A new gel can block the Aids virus, halving a woman's chances of getting HIV from an infected partner, US scientists say.

The breakthrough in the long quest for a tool to help women whose partners will not use condoms was reported in a study in South Africa.

The results need to be confirmed in another study, and that level of protection is probably not enough to win approval of the microbicide gel in countries like the US, researchers say. But they are optimistic it can be improved.

"We are giving hope to women" who account for most new HIV infections, said Michel Sidibe, executive director of the World Health Organisation's UNAids programme.

A gel could "help us break the trajectory of the Aids epidemic", he said.

And Dr Anthony Fauci of the US National Institutes of Health said: "It's the first time we've ever seen any microbicide give a positive result" that scientists agree is true evidence of protection.

The vaginal gel, spiked with the Aids drug tenofovir, cut the risk of HIV infection by 50% after one year of use and 39% after two and a half years, compared with a gel that contained no medicine.

To be licensed in the US, a gel or cream to prevent HIV infection may need to be at least 80% effective, Dr Fauci said. That might be achieved by adding more tenofovir or getting women to use it more consistently.

In the study, women used the gel only 60% of the time; those who used it more often had higher rates of protection.

The gel also cut in half the chances of getting HSV-2, the virus that causes genital herpes. That is important because other sexually-transmitted diseases raise the risk of catching HIV.

Even partial protection is a huge victory that could be a boon not just in poor countries but for couples anywhere when one partner has HIV and the other does not, said Dr Salim Abdool Karim, the South African researcher who led the study.

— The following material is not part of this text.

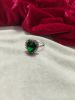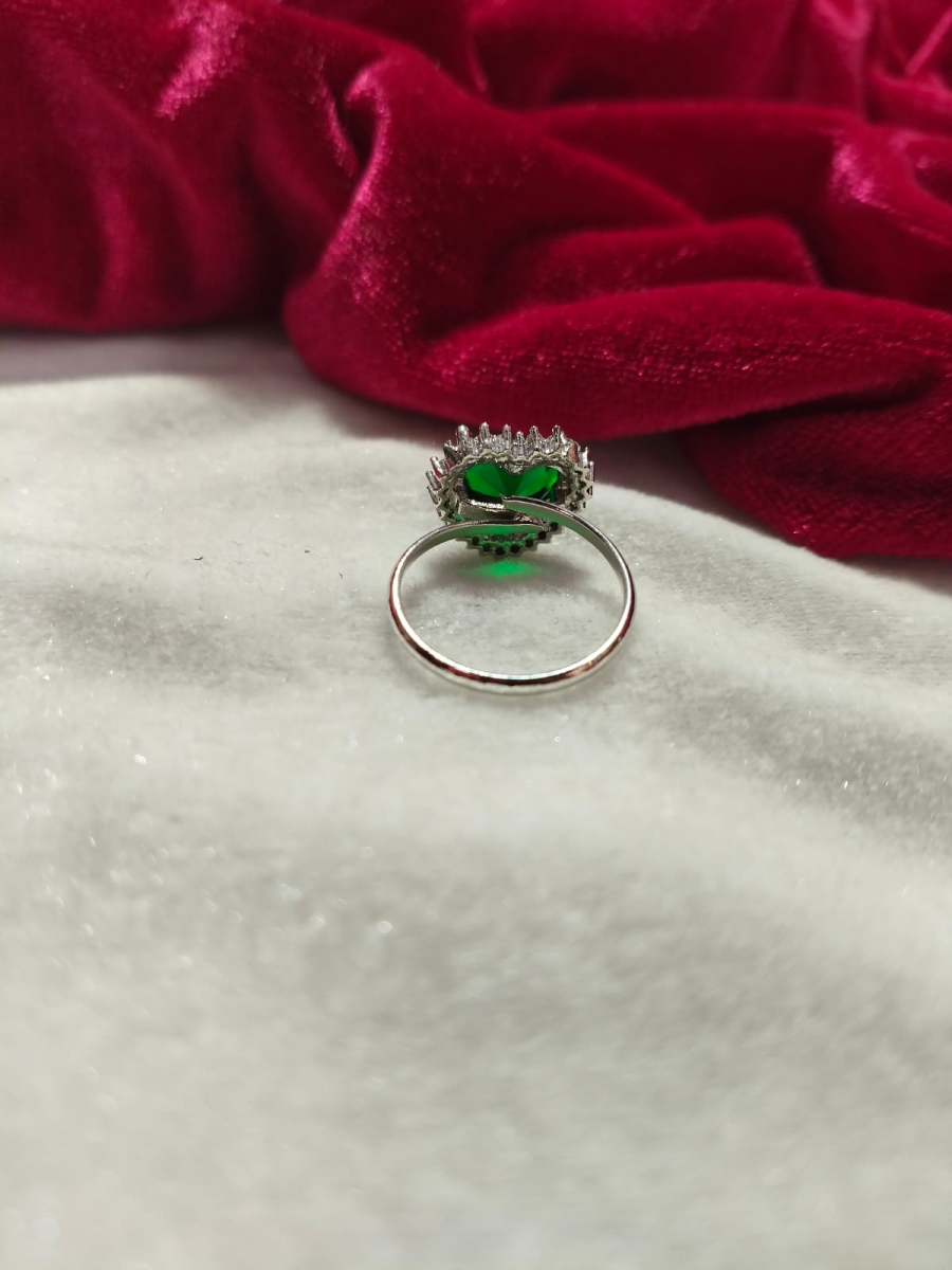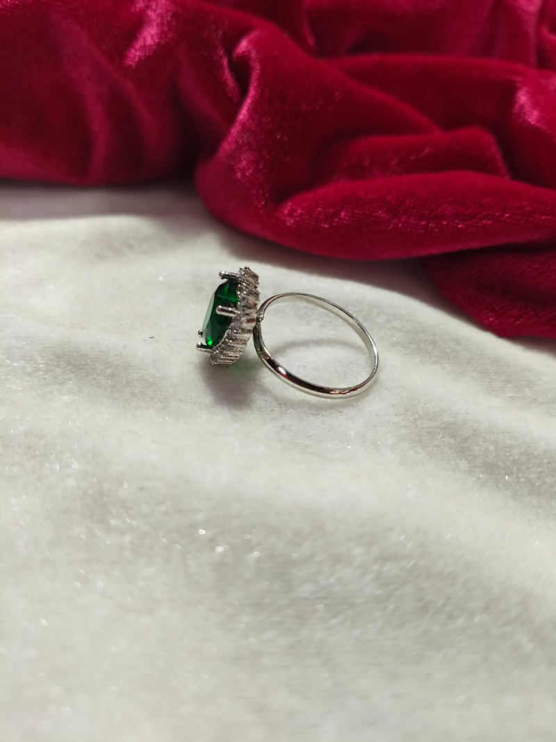 Silver Emerald Green Halo AD Stone Ring for Women (Silver Finish)

In the US, nearly a third of new infections each year were among heterosexuals, he noted.

Countries may come to different decisions about whether a gel that offers this amount of protection should be licensed. In South Africa, where one in three girls is infected with HIV by the age of 20, this gel could prevent 1.3 million infections and 826,000 deaths over the next two decades, he said.

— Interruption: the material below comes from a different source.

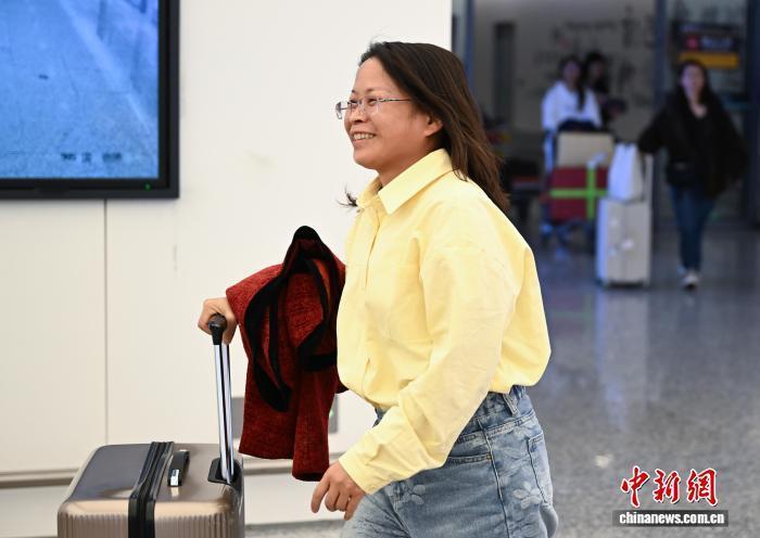 3月8日,EK310游客欣喜走出杭州机场。当日,迪拜至杭州航路慎重复航,数百名远在中东的同族乘坐EK310航班从迪拜复返浙江杭州。中新社记者 王刚 摄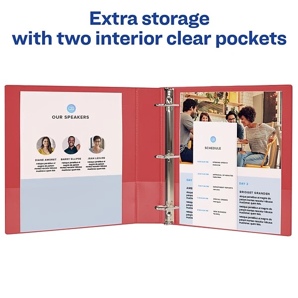 DuraHinge design is stronger, lasts longer and resists tearing. DuraEdge feature makes the sides and top more pliable to resist splitting. Wider front and back binder panels fully cover standard dividers and sheet protectors. Organize and secure paper with two interior pockets. Slant rings have a higher page capacity compared to same size round rings. Pages lie flat with back mounted rings. Black vinyl on inside front and back covers (except red). Exposed rivets on back. Holds 8-1/2″ x 11″ documents. 39% minimum post-consumer content.

Dr Karim will present results of the study today at the International Aids Conference in Vienna, Austria. The research was published online yesterday by the US journal Science.

"We now have a product that potentially can alter the epidemic trends ... and save millions of lives," said Dr Quarraisha Abdool Karim, the lead researcher's wife and associate director of the South African programme that led the testing.

It is the second big advance in less than a year on the prevention front. Last year scientists reported that an experimental vaccine cut the risk of HIV infection by about 30%. Research is under way to try to improve it.

If further study shows the gel to be safe and effective, WHO would work to speed up access to it, its director-general Dr Margaret Chan said.

But the gel is in limited supply - it is not a commercial product and was made for this and another continuing study from drug donated by California-based Gilead Sciences, which sells tenofovir in pill form as Viread.

If further study proves the gel effective, a full-scale production system would need to be geared up to make it.

The study tested the gel in 889 heterosexual women in and near Durban, South Africa. Researchers had no information on the women's partners, but the women were heterosexual and, in general, not in a high-risk group, such as prostitutes.

Half of the women were given the microbicide and the others, a dummy gel. Women were told to use it 12 hours before sex and as soon as possible within 12 hours afterwards.

At the study's end, there were 38 HIV infections among the microbicide group versus 60 in the others.